Your reply should contain nothing except the lines from the one with "Основні параметри впливу" through the end of the listing below, reproduced exactly and stripped of pictures.

__Provided material__
————
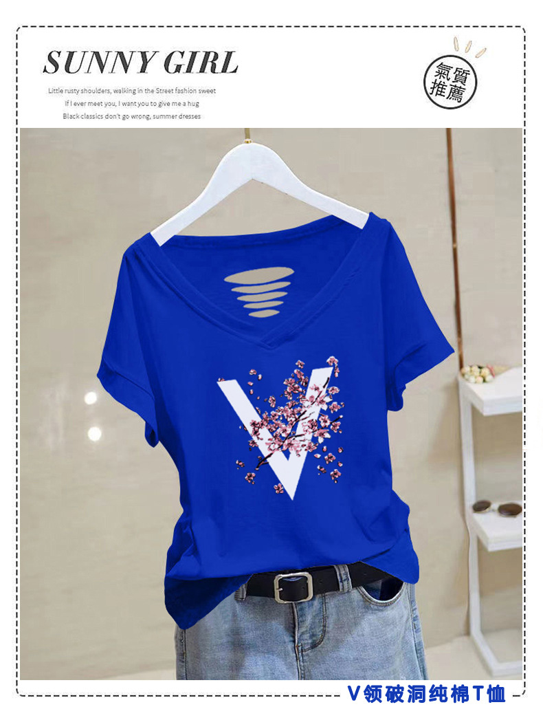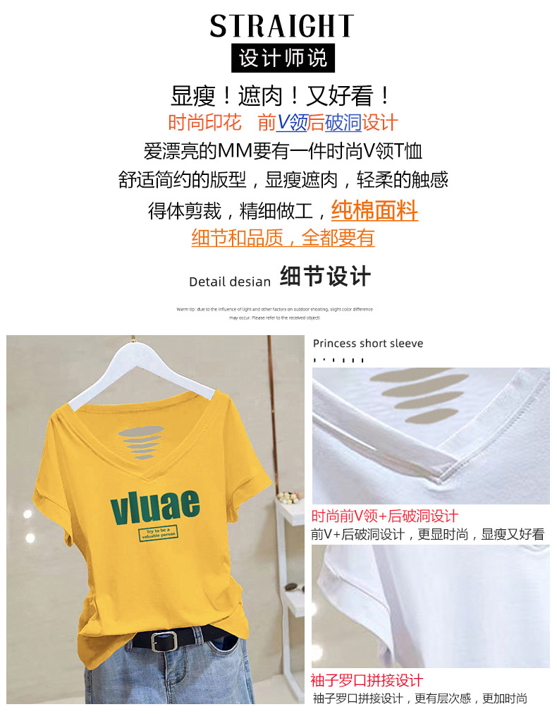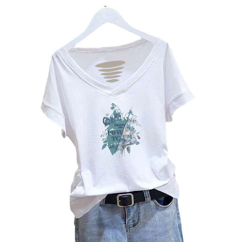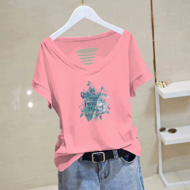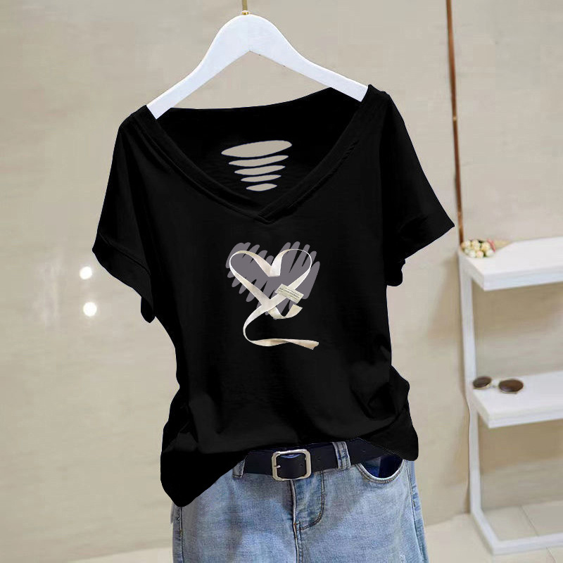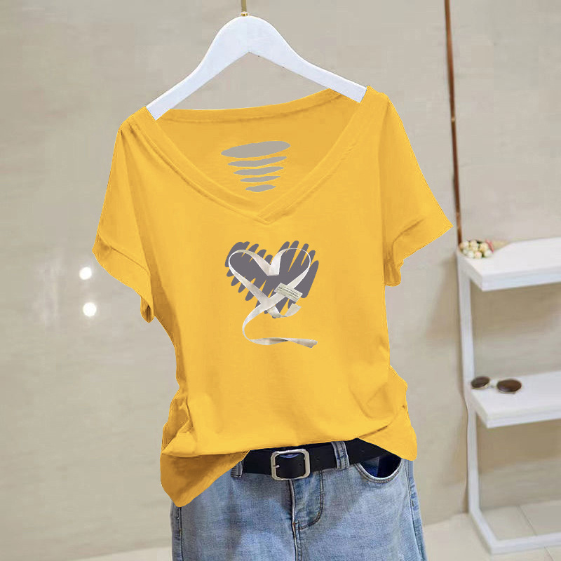 100 면 티셔츠 여성용 반팔 느슨한 V-넥 2024 새로운 여성 의류 치킨 하트 칼라 여름 탑 캐주얼 티셔츠
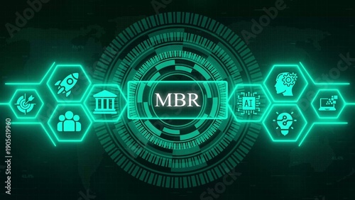 Fototapeta premium Digital technology concept with M B R and various on a green background
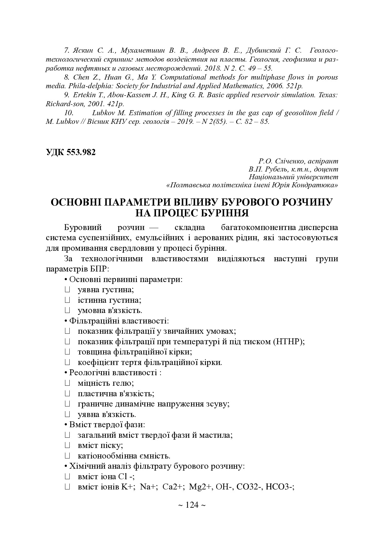 Основні параметри впливу бурового розчину на процес буріння
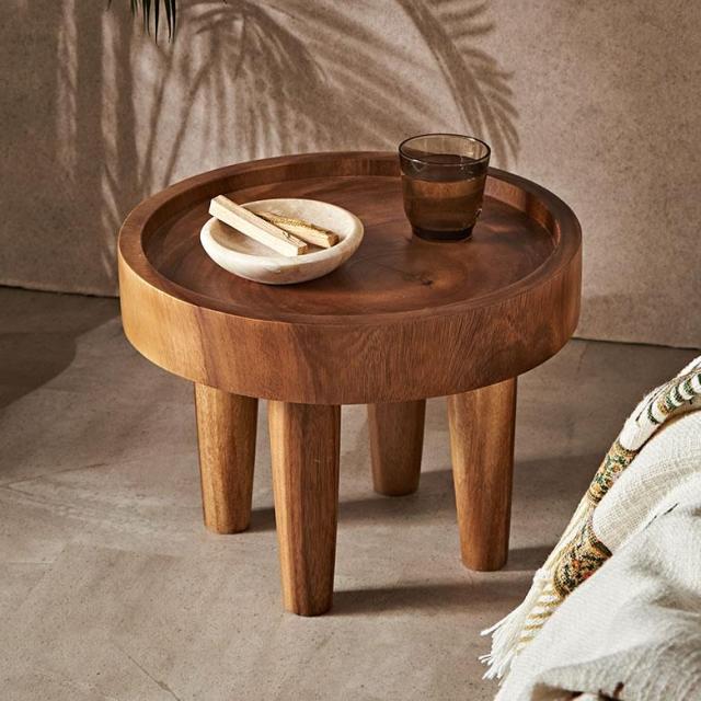 ナチュラルな素材を活かしたデザインは、ワックス仕上げで深みと重厚感を演出。高さ約30cmの低めのサイズで、床や畳での使用に最適なローテーブルです。重さ約7kgの安定感のある作りで、観葉植物や花瓶を飾るプランター台や、店舗用ディスプレイにもおすすめ。単品使いはもちろん、モンキーポッドの丸太から削り出されたスツールにもなるサイドテーブルや、天板にフチがないサイドテーブルと複数使いしたワンランク上のコーディネートもお楽しみいただけます。シンプルながらオブジェのような存在感のあるテーブルは、空間に自然の美しさと彩りをプラスします。
————
__Result for this task__
 Основні параметри впливу бурового розчину на процес буріння
 ナチュラルな素材を活かしたデザインは、ワックス仕上げで深みと重厚感を演出。高さ約30cmの低めのサイズで、床や畳での使用に最適なローテーブルです。重さ約7kgの安定感のある作りで、観葉植物や花瓶を飾るプランター台や、店舗用ディスプレイにもおすすめ。単品使いはもちろん、モンキーポッドの丸太から削り出されたスツールにもなるサイドテーブルや、天板にフチがないサイドテーブルと複数使いしたワンランク上のコーディネートもお楽しみいただけます。シンプルながらオブジェのような存在感のあるテーブルは、空間に自然の美しさと彩りをプラスします。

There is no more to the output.